### To do
Print the data once more, exactly as given. Drop the pictures.

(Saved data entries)
"""

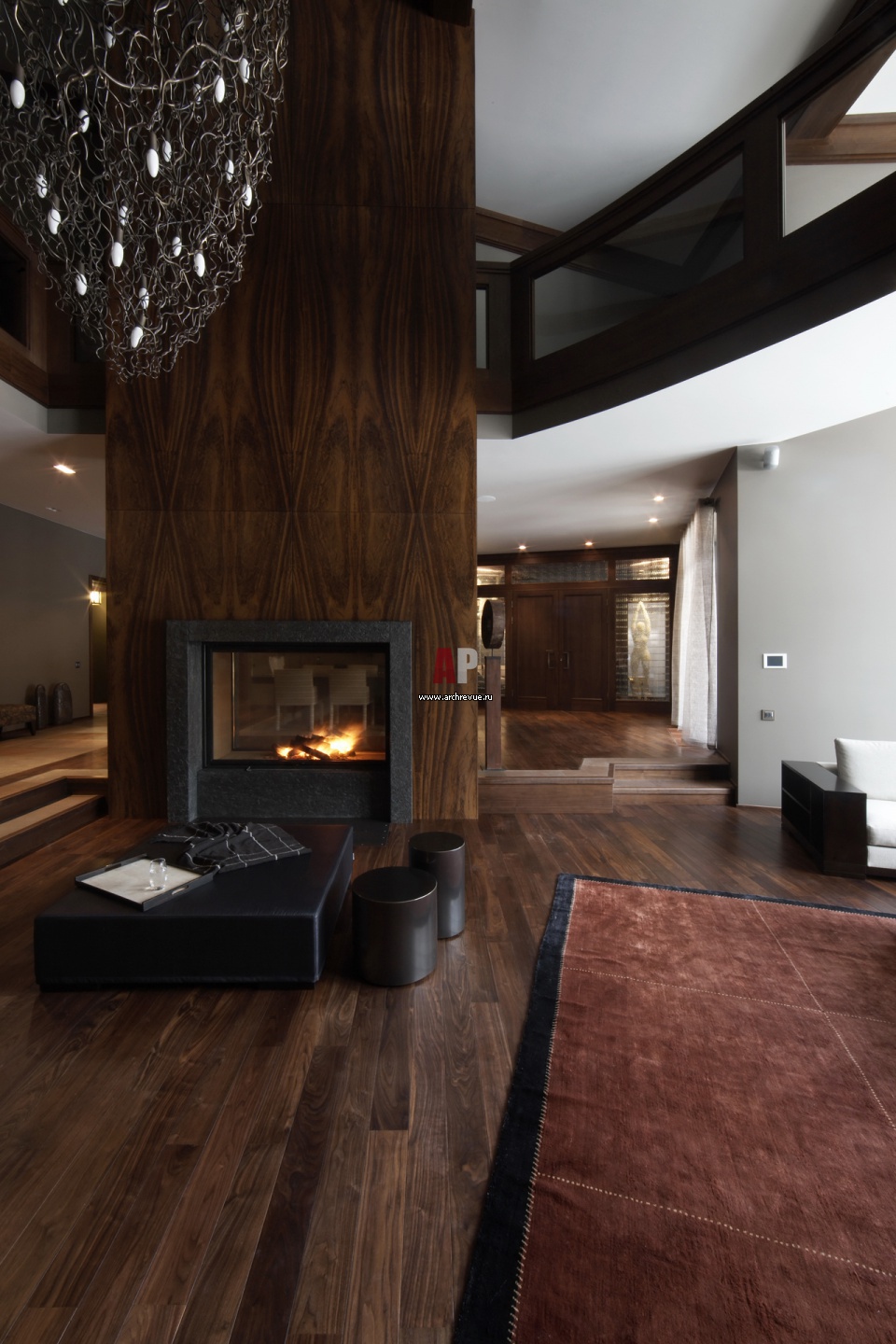 Вертикальная доминанта двухсветной гостиной – камин. Его топка облицована гранитом, а дымоход зашит панелями из африканского дерева с красивой фактурой. Работы по дереву, «Мастерская стильной мебели».
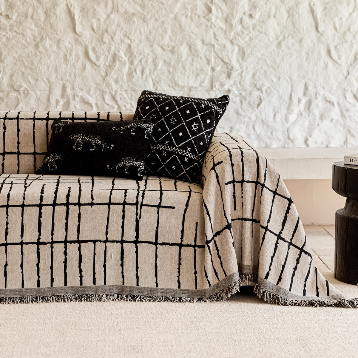 Refresh your space with graphic simplicity. Our Urban Grid Chenille Scratch-Resistant Sofa/Couch Cover features a bold hand-drawn grid woven into plush chenille, adding modern artistry and cozy texture while shielding your sofa from everyday wear, pet fur, and scratches. Soft yet durable, this pet-friendly cover elevates your décor and keeps seating looking pristine.
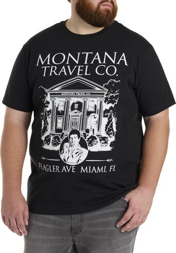 Crafted in 100% cotton and designed for Big +Tall guys with a relaxed, roomy fit, this graphic T-shirt is one that even Tony Montana himself couldn't resist. Designed with a screenprinted chest graphic of the Montana Travel Company on the front side, it's a must-have for Scarface fans. Say hello to our little friend and pair it with shorts, jeans or joggers for big boss style.
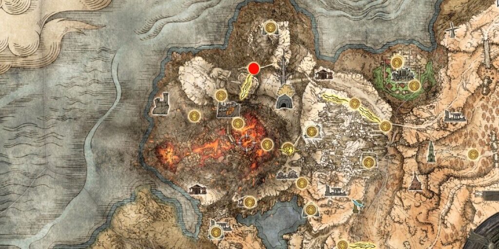 El lugar ideal para empezar a buscar el escudo de bobina es el Noveno Campamento del Monte Gelmir (marcado en rojo en el mapa de arriba), con el que los jugadores que exploren la región del Monte Gelmir (probablemente buscando continuar las líneas de búsqueda de Patches y/o Rya) probablemente ya se habrán topado.
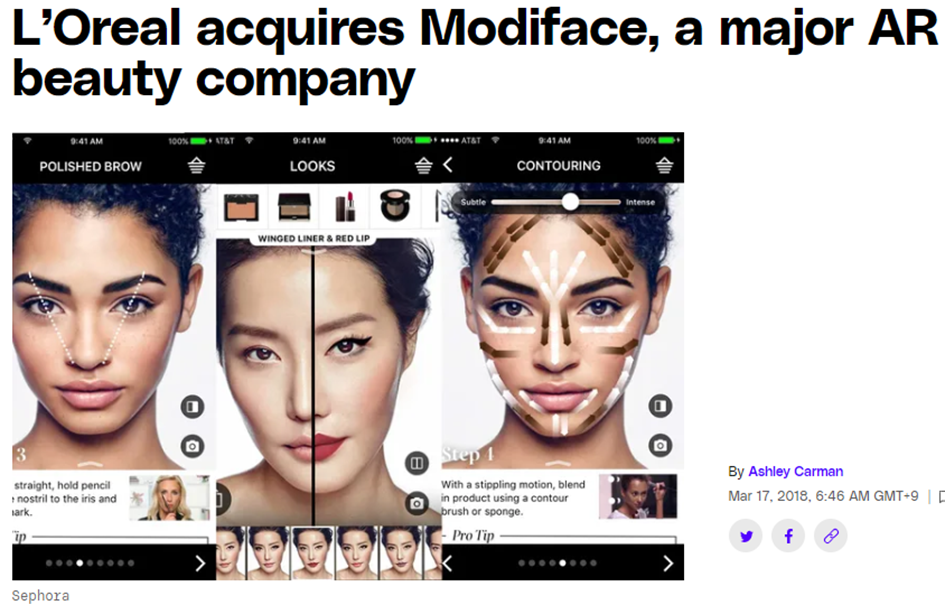 로레알은 2018년 AR 뷰티테크 전문 기업 Modiface를 인수하며 이 분야에 전략적으로 투자하였다. 이 서비스는 주로 색조 화장품과 헤어 컬러 제품이 본인과 어울리는지 확인하기 위한 것으로, 색조 브랜드에서 활발하게 진행되고 있다. 유튜브와 MAC Cosmetics의 협업, 아르마니 뷰티와 위챗의 협업 사례처럼 플랫폼과 브랜드 간 경계를 넘나드는 형태로도 빠르게 확장되고 있다.
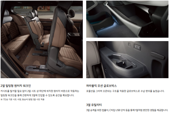 - 대형 SUV의 공간성: 가족 단위 여행에 최적화된 인테리어
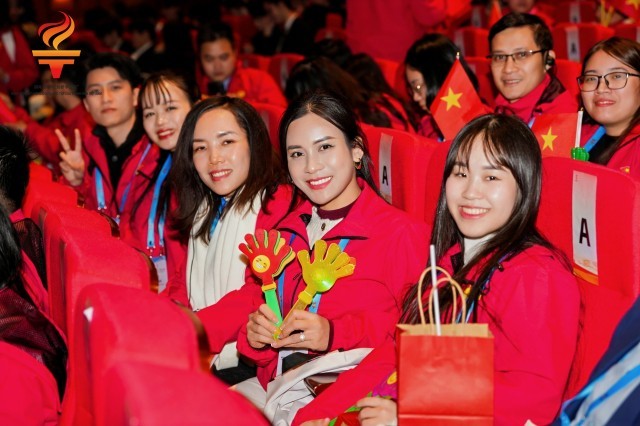 董霞在致辞中表示,中国和越南是山水相连的社会主义友好邻邦,是好邻居、好朋友、好同志、好伙伴。共同的理想信念是中越友好的红色基因,一代代追求理想之光的青年是社会主义事业的未来希望。希望中越青年赓续红色基因,做中越友谊的传承者;加强互学互鉴,做中越社会主义事业的推动者;深化团结合作,做中越命运共同体的建设者,把两国领导人的共同期待转化为两国青年的共同行动。

"""

### Problem solution
 Вертикальная доминанта двухсветной гостиной – камин. Его топка облицована гранитом, а дымоход зашит панелями из африканского дерева с красивой фактурой. Работы по дереву, «Мастерская стильной мебели».
 Refresh your space with graphic simplicity. Our Urban Grid Chenille Scratch-Resistant Sofa/Couch Cover features a bold hand-drawn grid woven into plush chenille, adding modern artistry and cozy texture while shielding your sofa from everyday wear, pet fur, and scratches. Soft yet durable, this pet-friendly cover elevates your décor and keeps seating looking pristine.
 Crafted in 100% cotton and designed for Big +Tall guys with a relaxed, roomy fit, this graphic T-shirt is one that even Tony Montana himself couldn't resist. Designed with a screenprinted chest graphic of the Montana Travel Company on the front side, it's a must-have for Scarface fans. Say hello to our little friend and pair it with shorts, jeans or joggers for big boss style.
 El lugar ideal para empezar a buscar el escudo de bobina es el Noveno Campamento del Monte Gelmir (marcado en rojo en el mapa de arriba), con el que los jugadores que exploren la región del Monte Gelmir (probablemente buscando continuar las líneas de búsqueda de Patches y/o Rya) probablemente ya se habrán topado.
 로레알은 2018년 AR 뷰티테크 전문 기업 Modiface를 인수하며 이 분야에 전략적으로 투자하였다. 이 서비스는 주로 색조 화장품과 헤어 컬러 제품이 본인과 어울리는지 확인하기 위한 것으로, 색조 브랜드에서 활발하게 진행되고 있다. 유튜브와 MAC Cosmetics의 협업, 아르마니 뷰티와 위챗의 협업 사례처럼 플랫폼과 브랜드 간 경계를 넘나드는 형태로도 빠르게 확장되고 있다.
 - 대형 SUV의 공간성: 가족 단위 여행에 최적화된 인테리어
 董霞在致辞中表示,中国和越南是山水相连的社会主义友好邻邦,是好邻居、好朋友、好同志、好伙伴。共同的理想信念是中越友好的红色基因,一代代追求理想之光的青年是社会主义事业的未来希望。希望中越青年赓续红色基因,做中越友谊的传承者;加强互学互鉴,做中越社会主义事业的推动者;深化团结合作,做中越命运共同体的建设者,把两国领导人的共同期待转化为两国青年的共同行动。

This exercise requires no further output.